The main scientific objectives of this activity are: 

  • discovery of new phenomena/relationships by observations and data analyses,
  • deeper understanding of the stratosphere-troposphere dynamical coupling related to such phenomena/relationships by data analyses and experiments with a hierarchy of numerical models,
  • prediction of such phenomena by the state-of-the-art numerical models after improving the related modules,

with several specific targets of the following combination of

  • influences of SSW, QBO, or stratospheric cooling trend,
  • on moist convection, cloud clusters, tropical cyclones, the MJO, and monsoon circulation.


It is anticipated that SATIO-TCS will author an introductory review paper on this field of research; hold workshops resulting in peer-reviewed publications in international journals.  The activities of SATIO-TCS will naturally contribute to SPARC’s efforts in capacity building, given its emphasis on topics of great interest to many developing nations in the tropics.

SLCFs – Climate Response to Short-lived Climate Forcers


Activity leaders:

Bill Collins
University of Reading
w.collins@anti-clutterreading.ac.uk


Activity description:

The route from emission of a short-lived pollutant to climate impact involves a chain of many processes and spans many academic fields (gas-phase and heterogeneous-phase chemistry, aerosol physics, cloud physics, climate dynamics). This activity will focus on the last of these, the climate response to a given forcing.

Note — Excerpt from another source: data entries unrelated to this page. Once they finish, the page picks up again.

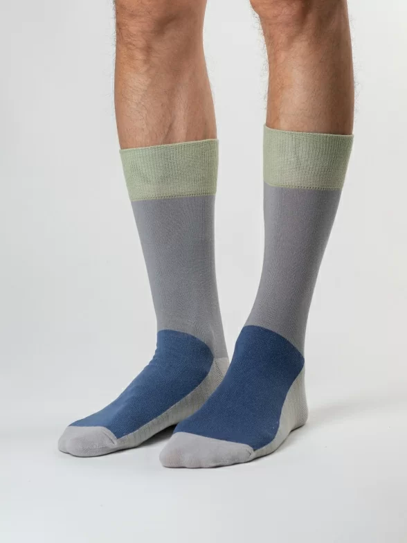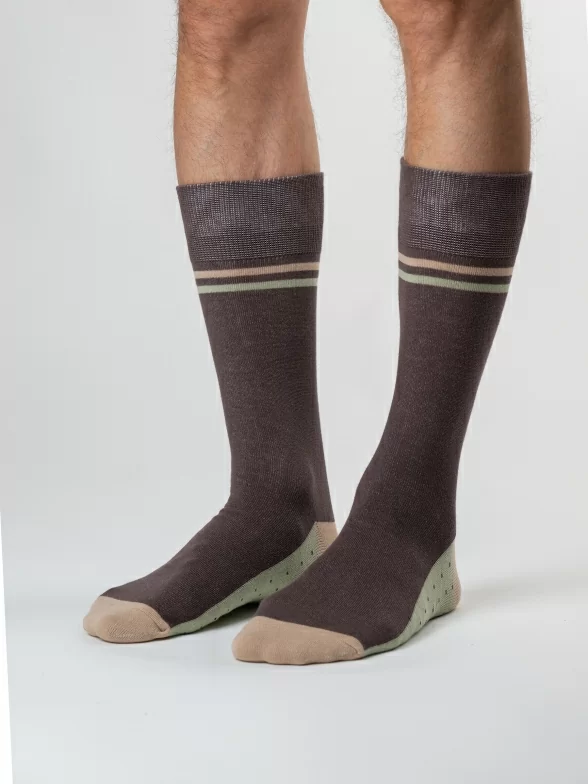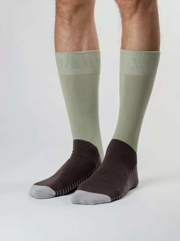 Носки вяжутся на российской фабрике на современных станках высокого класса (с плотностью вязки в 200 игл). Благодаря качественному оборудованию и оптимальному сочетанию гребенного хлопка и синтетических нитей эти носки износостойкие, гладкие и плотные. Двойной широкий борт не пережимает ногу, при этом надежно фиксирует носок на голени.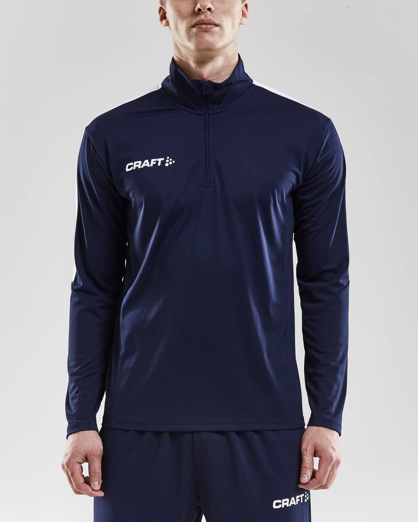 Mjuk och skön tränings- och uppvärmningströja i funktionsmaterial för optimal fukttransport. Kort dragkedja i halsen för snabb och enkel reglering av ventilationen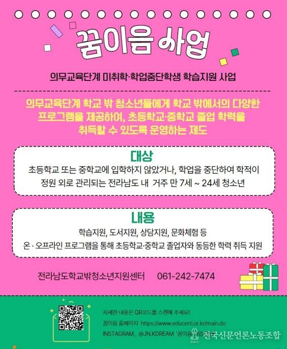 전국신문언론노동조합 김성길 기자 | (재)전라남도청소년미래재단 학교밖청소년지원센터(센터장 이윤조)는 2025년 한 해 동안 도내 학교 밖 청소년을 대상으로 ‘의무교육단계 미취학·학업중단학생 학습지원 사업(꿈이음)’을 운영하며, 학습 공백 해소와 배움의 기회 회복을 위한 다양한 지원을 추진했다.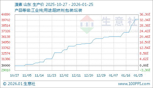据生意社监测,溴素01月25日最新价格39900.00元/吨,最近5天上涨3.37%,10天上涨7.55%,15天上涨10.04%,30天上涨11.45%,60天上涨21.65%。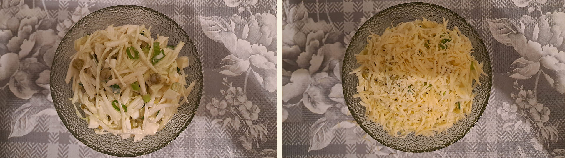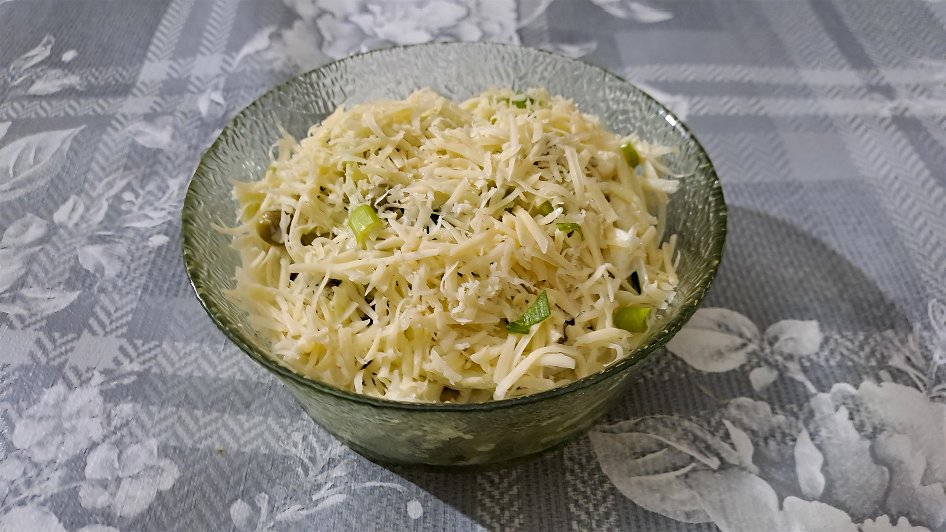 Шаг 7. Готовый салат выкладываем в салатник и посыпаем сверху натертым сыром.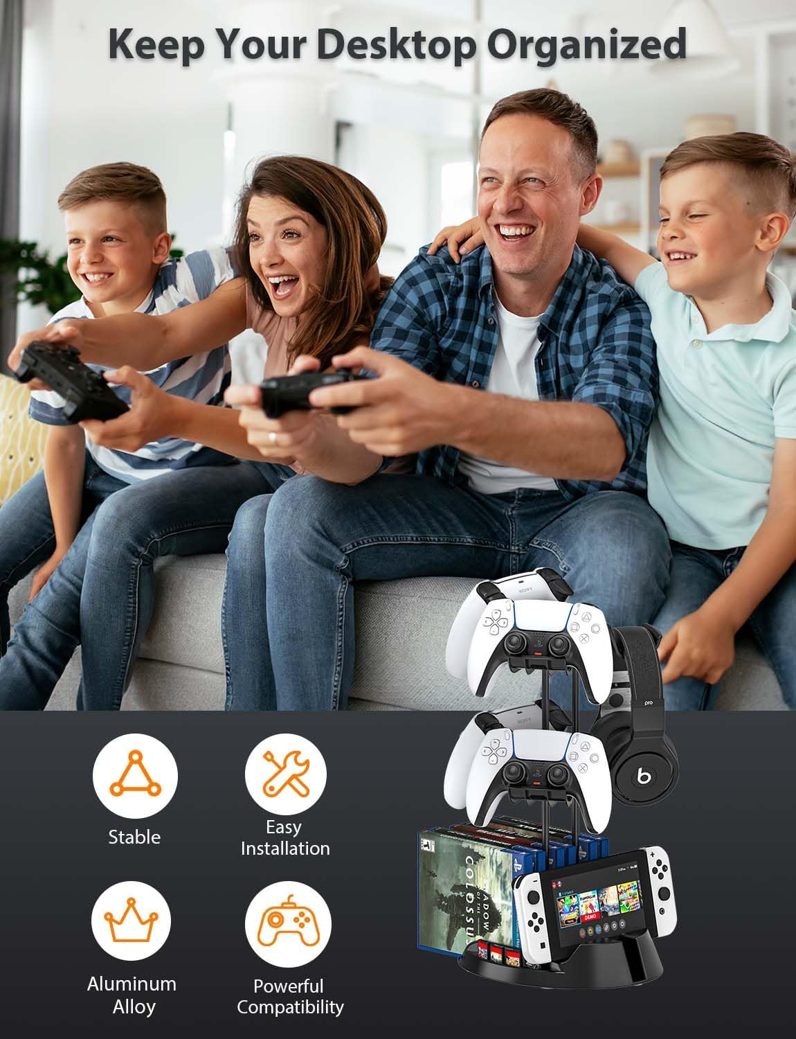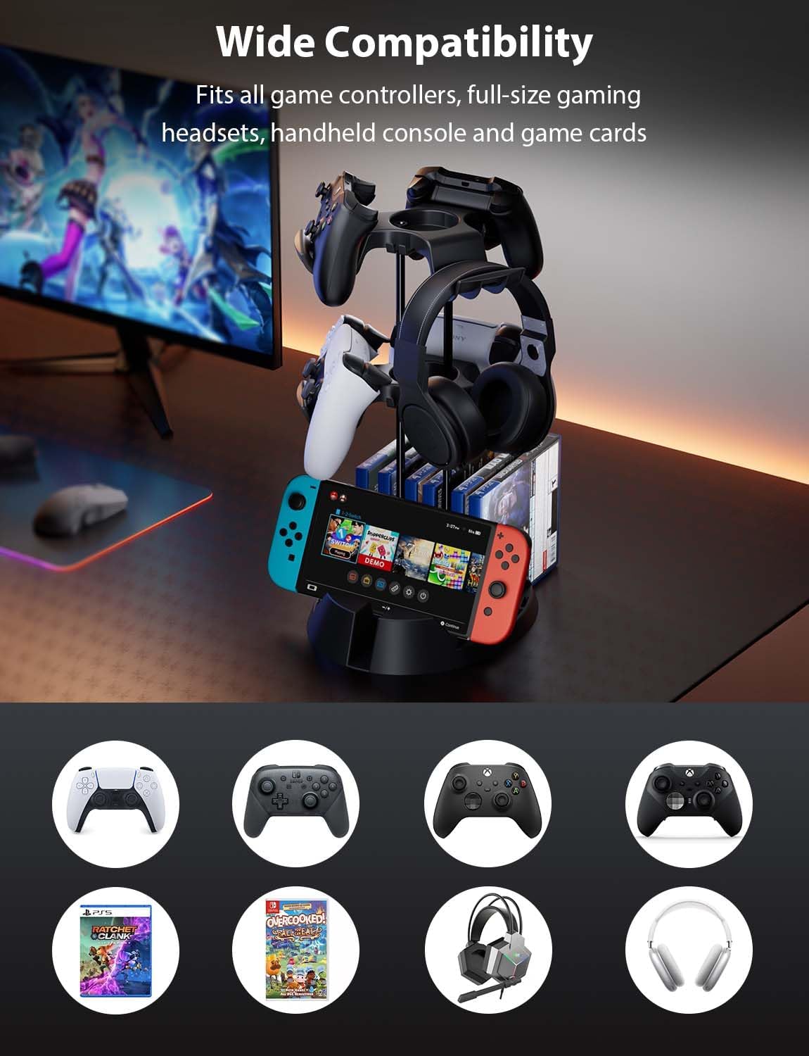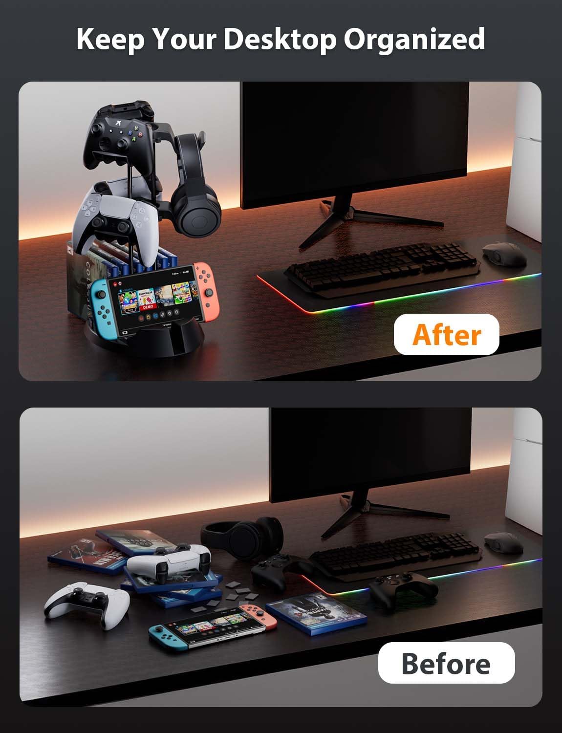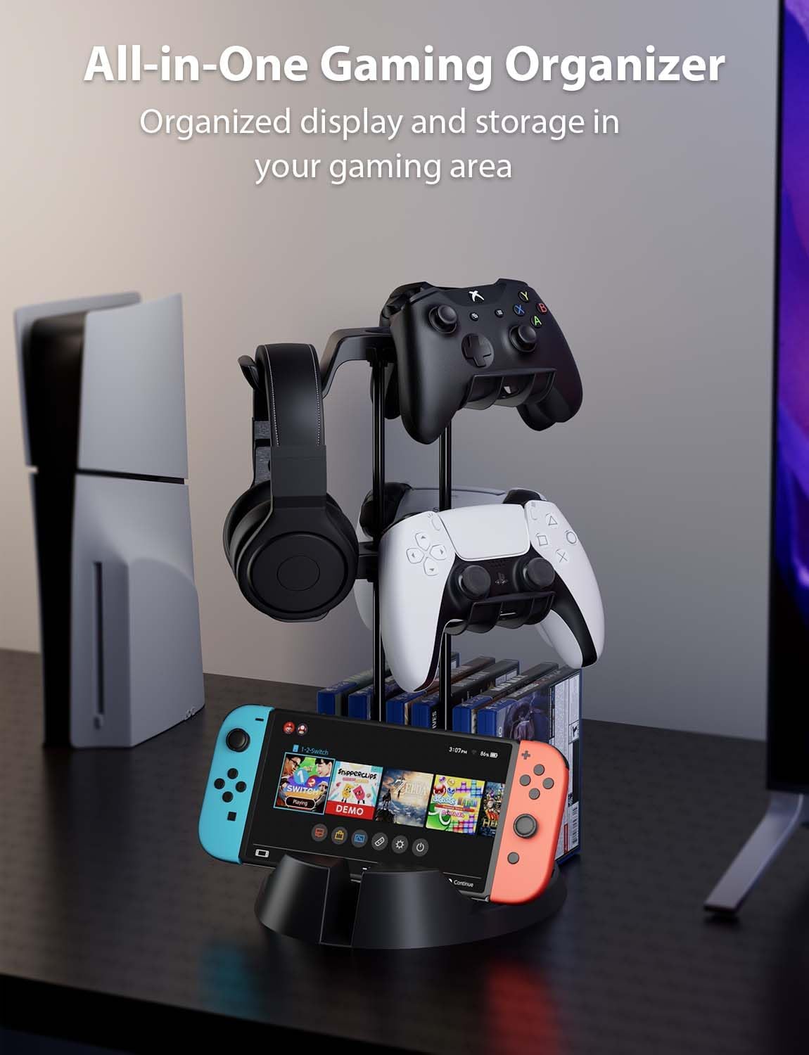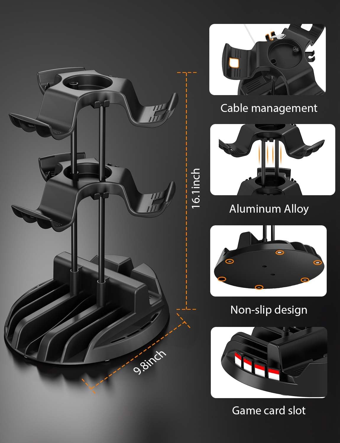 More Organization Space: This 2-tier controller stand with organizer base saves more space. This game controller stand can hold 6 controllers or 3 headsets, game console, 6 game discs and 8 game cards, cables can be stored on both sides, keeping your gaming space tidy and organized.
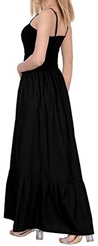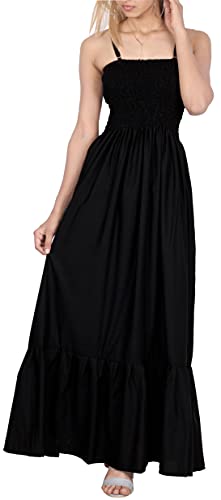 LA LEELA Halloween Suave Traje baño Ropa Playa señoras Ocasionales días Fiesta Prom Noche Vestido Verano túnica Superior Bandeau Llanura Volante Encubrir Vestido Las Mujeres la Falda Maxi Negro_K309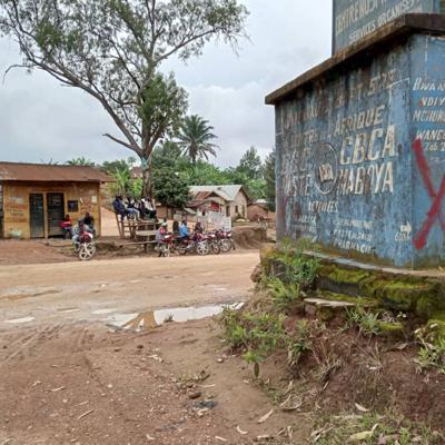 A coté de leur maison d’habitation, les membres d’une même famille suivent le passage du cortège du gouverneur du Nord-kivu, lors de sa première visite officielle à Rutshuru après le conflit Ph John Bompengo/ Radio Okapi

The main scientific questions addressed by this activity are:

  1. How does the atmosphere adjust to changes in short-lived climate forcers (SLCFs), and what is the contribution of these rapid adjustments on the effective radiative forcing (ERF)?
  2. How does the climate respond to different patterns of these ERFs? 
  •      Is the global climate sensitivity the same as for CO2?
  •      Does the climate respond on the same timescales as for a CO2 forcing?
  •      How does the spatial pattern of the response relate to the spatial pattern of the forcing?

TUNER – Towards Unified Error Reporting


Activity Leaders:

Thomas von Clarmann (KIT/IMK, Karlsruhe Germany)
Doug Degenstein (Univ. Saskatchewan, Canada)
Nathaniel Livesey (NASA JPL, Pasadena, USA)


Activity description:

The goal of TUNER is to provide a complete and consistent data characterization in terms of uncertainty, resolution and content of a priori information, for the largest possible number of space-borne temperature and composition sounders. Specic objectives are: 

  1. An inventory of the error estimation tools used by past and current satellite missions will be made. The same applies to tools for resolution estimates and a priori content.
  2. The used tools will be assessed for consistency and completeness.
  3. Strategies will be dened to complete the error estimates and to make them consistent.
  4. Missing error and resolution estimates will be provided for the most important data.
  5. Recommendations on the use of the error estimates will be established for each instrument.